Assignment:
Give back the whole listing word for word and skip each picture.

Available data:
......

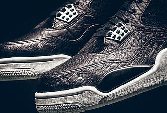 A-t-on vraiment encore besoin de vous la présenter ? Bon, pour ceux qui viennent de débarquer dans cet univers, cette Jordan 4 a tout d’une grande. Un habillage des plus premium qui soit, du cuir imitant l’alligator ou autre reptile rampant. Les traditionnels “grillages” en plastique sur la quatrième silhouette du Jumpman sont remplacés par du pony hair, ainsi qu’une partie de la languette. L’ensemble est d’un noir profond déposé sur une semelle “Sail” ou blanc cassé pour assurer un contraste parfait.
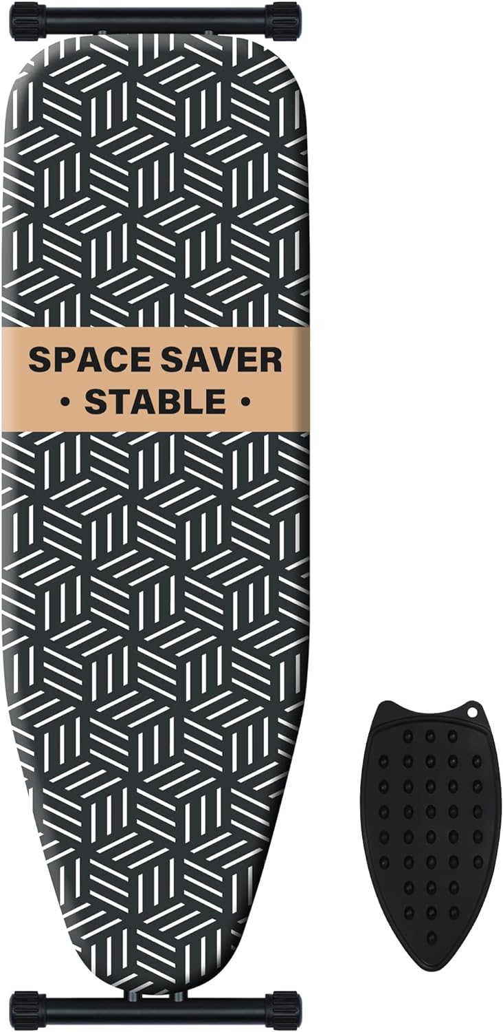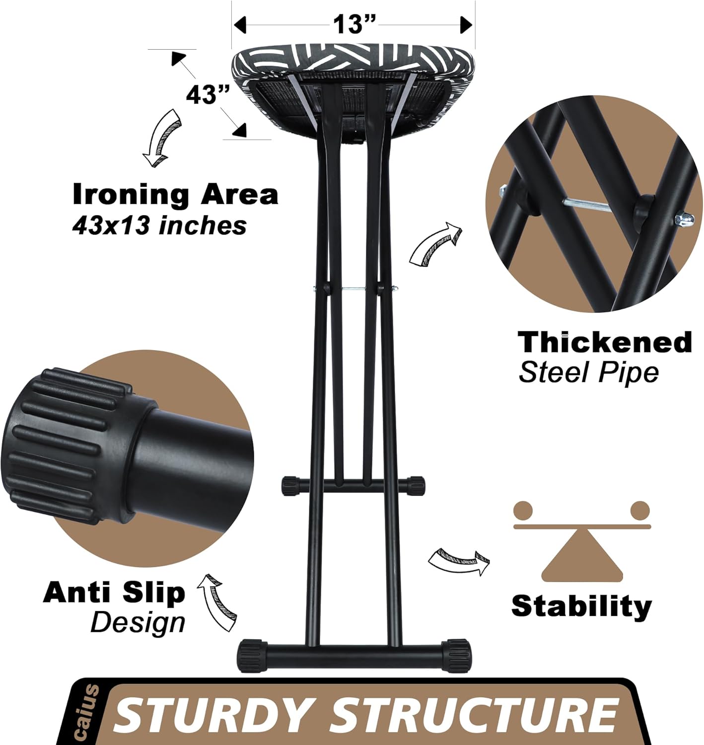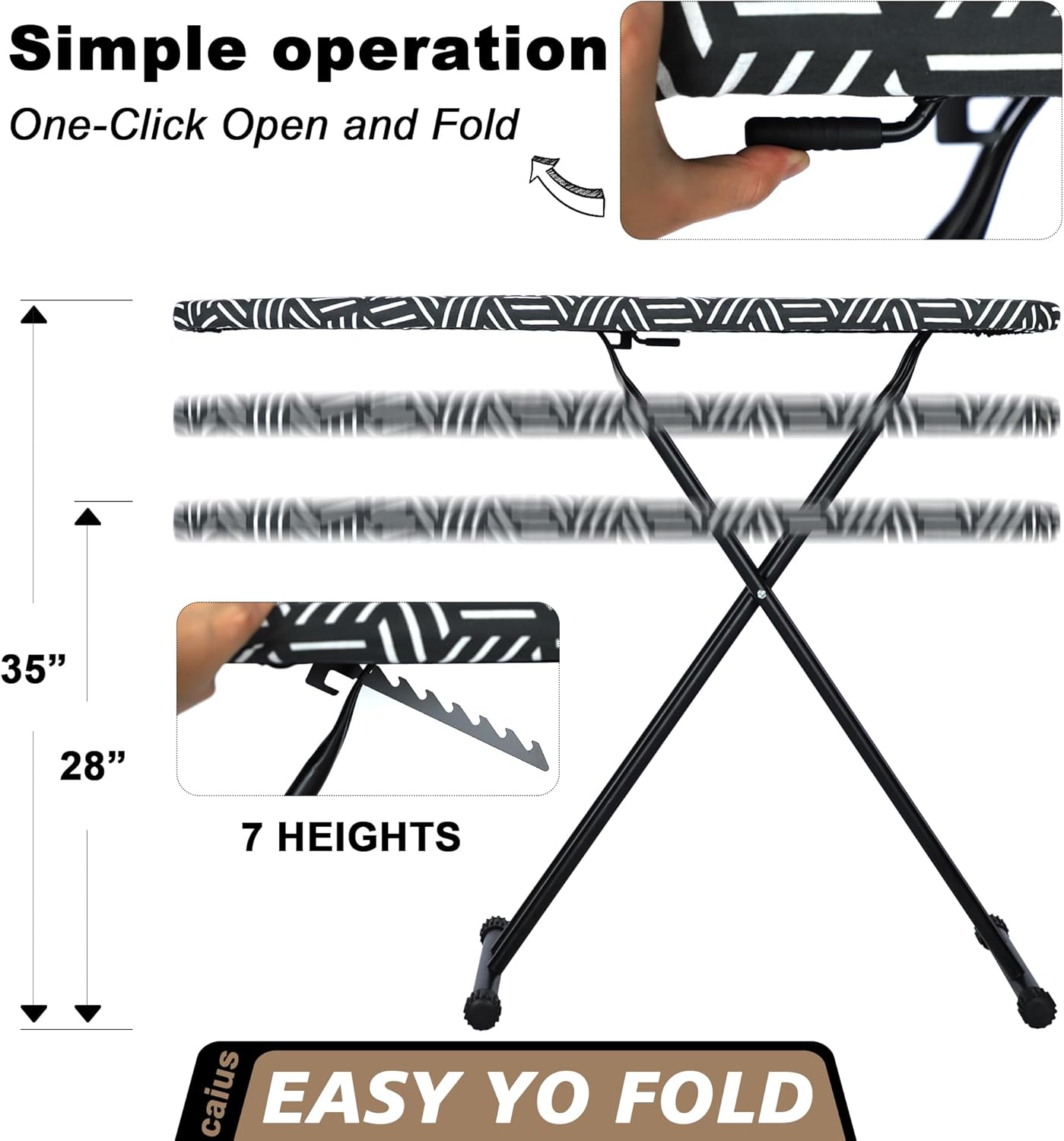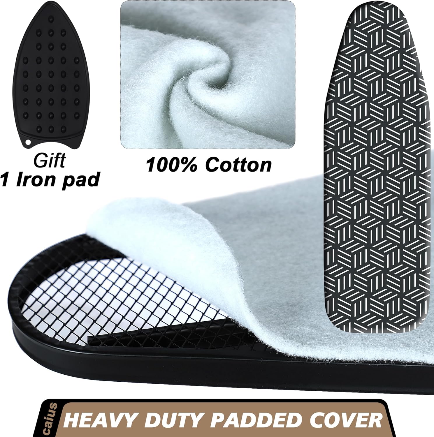 caius Ironing Board, Compact and Space Saver Full Size Ironing Board, Extra Wide Ironing Area with Extra Thick Heavy Duty Padded Cover, Stable Structure, Easy to Fold
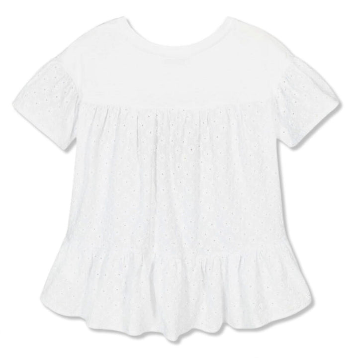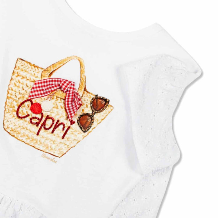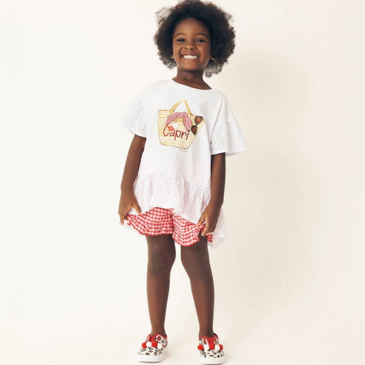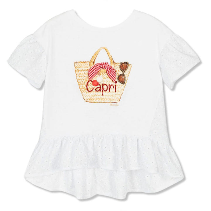 Pretty white cotton top for girls by Monnalisa, made in lightweight broderie anglaise with a soft jersey panel on the front. Styled with a dipped ruffle hem, it has a stylish basket bag print with a red gingham bow. 'Capri' lettering is covered in sp

......

Response to this task:
 A-t-on vraiment encore besoin de vous la présenter ? Bon, pour ceux qui viennent de débarquer dans cet univers, cette Jordan 4 a tout d’une grande. Un habillage des plus premium qui soit, du cuir imitant l’alligator ou autre reptile rampant. Les traditionnels “grillages” en plastique sur la quatrième silhouette du Jumpman sont remplacés par du pony hair, ainsi qu’une partie de la languette. L’ensemble est d’un noir profond déposé sur une semelle “Sail” ou blanc cassé pour assurer un contraste parfait.
 caius Ironing Board, Compact and Space Saver Full Size Ironing Board, Extra Wide Ironing Area with Extra Thick Heavy Duty Padded Cover, Stable Structure, Easy to Fold
 Pretty white cotton top for girls by Monnalisa, made in lightweight broderie anglaise with a soft jersey panel on the front. Styled with a dipped ruffle hem, it has a stylish basket bag print with a red gingham bow. 'Capri' lettering is covered in sp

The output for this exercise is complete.